CuTile shines in its application to fused multi-head attention, especially on the B200 GPU where it achieves up to 1{,}007 TFLOP/s, outperforming FlashAttention-2 by 2.5 times. However, this performance boost is highly architecture-dependent, as evidenced by CuTile's reduced efficacy on the RTX PRO 6000 where throughput reaches only 53% of FlashAttention-2, revealing significant cross-architecture optimization gaps.
Figure 2: Fused attention throughput (TFLOP/s) vs. sequence length (BF16, causal, batch=8). On the B200 (right), CuTile (red) dramatically outscales all other implementations, reaching up to 1{,}007 TFLOP/s.
CuTile Attention Paradox
The substantial performance variance between the B200 and RTX PRO 6000 platforms, despite identical CuTile kernel code, underscores a critical gap in compiler optimization specifically targeted at different Blackwell variants. This points to the importance of future compiler maturity and enhancements to better cater to workstation-class GPUs.
Figure 3: The CuTile attention paradox: identical kernel code produces 2.51 times higher throughput than FlashAttention-2 on B200 (solid lines) but 47% lower on RTX PRO 6000 (dashed lines). This 5.6 times cross-architecture gap is the largest observed for any abstraction.
Implications and Future Directions
CuTile provides a substantial productivity benefit by allowing high-performance kernel expression in tens of lines of Python code.
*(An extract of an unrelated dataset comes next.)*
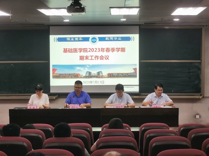 会上,李文奇副书记对做好学生暑期实践活动与安全稳定工作进行布置,并再次加强教职工假期廉洁教育提醒。罗彬副院长对分管的教学工作进行总结,对下学期教学工作和本科教育教学审核评估工作进行部署。蓝秀万副院长对科研工作、研究生管理、一流学科建设中期评估和基础医学中心实验室仪器共享平台使用等方面进行布置和说明。

Its applicability is most pronounced on the B200 (datacenter-class Blackwell GPUs) due to impressive performance in fused attention tasks. However, the workstation-class RTX PRO 6000 exposes a need for significant cross-architecture tuning improvements. This suggests caution in deploying CuTile widely without thorough, hardware-specific benchmarking.
Figure 4: Normalized performance heatmap. Left: GEMM throughput as percentage of cuBLAS. Right: attention throughput as percentage of FlashAttention-2. CuTile on B200 achieves up to 251% of FA2 (dark green), while CuTile on RTX PRO 6000 reaches only 53% (orange-red).
Conclusion
CuTile introduces a promising paradigm shift towards simplified, highly efficient kernel development for AI workloads within NVIDIA's ecosystem. It demonstrates potential as a practical replacement for more complex hand-written approaches on Blackwell architecture, specifically for attention workloads on datacenter-grade GPUs. However, issues of portability and optimization across different architectures remain, emphasizing the importance of targeted compiler advancements. As CUDA Toolkit and tileiras compiler technologies evolve, CuTile's utility and range are expected to expand, potentially offering comprehensive GPU kernel solutions for AI inference.